On the Banks of the Mekong.

A girl feeds a monk. It takes a village.

300 kilometers up the river Mekong from Vientiane in Laos lies the city of Luang Prabang.  A UNESCO world heritage city for its numerous functioning temples.

It is an amazingly quaint and chill place with not a huge amount to do. That is the charm, really.  It is quiet. Compared with many places in Asia, there is not a lot of thumping and bumping. There is an 11 PM curfew and the streets get quiet late in the evening.  

In Laos, as in Thailand, every male becomes a monk for as little as a few weeks, or for several years.  For some, it is a way to get, not just a religious, but also a more complete education beyond primary school.

Monks are busy with study and tasks and to keep themselves on the straight and narrow, they eat just once a day.  All their calories must come before 11 AM. In this tradition, they get all their food from donations to them by the people in the community.

In Luang Prabang, very early, the townsfolk, either make food the night before or hurry to the market and purchase food.  By 5:45 AM every morning, they take a seat on the sidewalk and the monks emerge, from age 9 to 90, saffron ablaze, alms bowls at the ready.  They parade along the street, stopping briefly as each person drops a handful of food into the bowl. Usually a small ball of rice, but perhaps some vegetables or bread.

At the end of the 1 km route, one monk has a meal provided and touched by the entire town. They are fed for the day and in return the donors pocket some merit, some spiritual good will to bank for a better life next time.

It’s been going on for centuries. Indeed I wonder how many lifetimes some of them have been doing this.

If you head there, I can highly recommend the Mekong Riverview Hotel. It’s at the confluence of the Nam Khan and Mekong Rivers with great views of the river below.  Breakfast is included.
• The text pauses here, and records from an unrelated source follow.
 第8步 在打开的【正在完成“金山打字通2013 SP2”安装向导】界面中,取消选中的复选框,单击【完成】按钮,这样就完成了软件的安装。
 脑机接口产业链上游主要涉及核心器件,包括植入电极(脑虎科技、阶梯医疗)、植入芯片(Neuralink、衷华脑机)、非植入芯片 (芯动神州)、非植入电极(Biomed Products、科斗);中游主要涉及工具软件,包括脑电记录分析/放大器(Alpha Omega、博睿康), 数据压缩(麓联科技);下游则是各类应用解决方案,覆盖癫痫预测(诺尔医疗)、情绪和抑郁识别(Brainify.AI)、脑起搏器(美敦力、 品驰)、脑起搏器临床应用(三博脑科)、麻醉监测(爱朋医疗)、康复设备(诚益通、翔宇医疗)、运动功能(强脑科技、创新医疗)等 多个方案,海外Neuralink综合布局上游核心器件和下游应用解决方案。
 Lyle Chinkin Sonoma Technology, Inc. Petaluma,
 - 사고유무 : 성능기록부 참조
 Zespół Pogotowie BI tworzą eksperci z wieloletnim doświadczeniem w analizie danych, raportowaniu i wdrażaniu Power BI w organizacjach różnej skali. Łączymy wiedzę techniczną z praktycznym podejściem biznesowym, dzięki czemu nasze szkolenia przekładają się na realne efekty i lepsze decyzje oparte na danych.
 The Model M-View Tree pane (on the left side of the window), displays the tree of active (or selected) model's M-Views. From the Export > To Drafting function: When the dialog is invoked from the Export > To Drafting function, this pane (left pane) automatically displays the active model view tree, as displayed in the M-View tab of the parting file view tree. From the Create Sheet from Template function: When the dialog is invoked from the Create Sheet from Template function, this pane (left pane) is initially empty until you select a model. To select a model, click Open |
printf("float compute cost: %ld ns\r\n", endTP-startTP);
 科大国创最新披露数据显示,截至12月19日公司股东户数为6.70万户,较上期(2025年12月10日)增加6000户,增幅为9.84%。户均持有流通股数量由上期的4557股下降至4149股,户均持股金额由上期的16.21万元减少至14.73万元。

The owner is a European who’s been there for decades. He started the city park next door and on Monday he hosts a wine night in the park for his guests. He’ll come by every morning and greet you and offer tips on the area.  The staff is A-one. Other places that look nice are the Belle Rive and the Victory Palace Hotel.
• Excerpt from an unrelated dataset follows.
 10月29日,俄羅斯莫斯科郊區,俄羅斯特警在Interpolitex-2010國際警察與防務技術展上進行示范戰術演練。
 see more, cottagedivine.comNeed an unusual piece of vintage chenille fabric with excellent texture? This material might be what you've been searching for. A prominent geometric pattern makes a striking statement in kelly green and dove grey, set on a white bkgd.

We had two great meals.  Manda de Laos overlooks a UNESCO lily ponds.  They’ve been cooking meals there for generations entertaining kings and dignitaries.  

The Green Elephant served high quality Lao food with creative cocktails to match.
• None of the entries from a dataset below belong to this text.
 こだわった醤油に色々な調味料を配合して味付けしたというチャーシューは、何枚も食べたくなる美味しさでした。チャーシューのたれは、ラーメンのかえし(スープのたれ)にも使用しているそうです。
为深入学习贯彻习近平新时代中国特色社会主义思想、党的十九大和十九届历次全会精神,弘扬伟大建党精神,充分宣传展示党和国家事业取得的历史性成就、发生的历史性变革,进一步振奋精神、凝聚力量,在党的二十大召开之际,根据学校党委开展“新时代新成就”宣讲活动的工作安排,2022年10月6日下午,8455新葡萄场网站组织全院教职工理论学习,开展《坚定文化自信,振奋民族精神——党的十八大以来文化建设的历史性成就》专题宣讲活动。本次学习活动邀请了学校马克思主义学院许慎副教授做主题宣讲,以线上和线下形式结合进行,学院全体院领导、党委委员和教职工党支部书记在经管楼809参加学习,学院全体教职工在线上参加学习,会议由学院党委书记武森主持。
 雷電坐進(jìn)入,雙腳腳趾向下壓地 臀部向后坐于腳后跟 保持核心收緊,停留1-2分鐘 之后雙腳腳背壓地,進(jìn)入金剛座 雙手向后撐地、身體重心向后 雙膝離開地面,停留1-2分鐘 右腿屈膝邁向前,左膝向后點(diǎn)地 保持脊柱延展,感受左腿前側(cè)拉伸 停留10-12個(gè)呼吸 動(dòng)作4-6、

The Night Market has unique and local crafts and is quite manageable as far as markets go.  It provides a nice after dinner stroll to walk off the nice meal.

As far as activities, a boat ride up the river to the Cave of the Thousand Buddhas is a nice 5 hour trip to see a cave with countless buddhas offered over the eons. You can stop at a couple villages along the way. A private boat will cost you around 50 bucks for the day.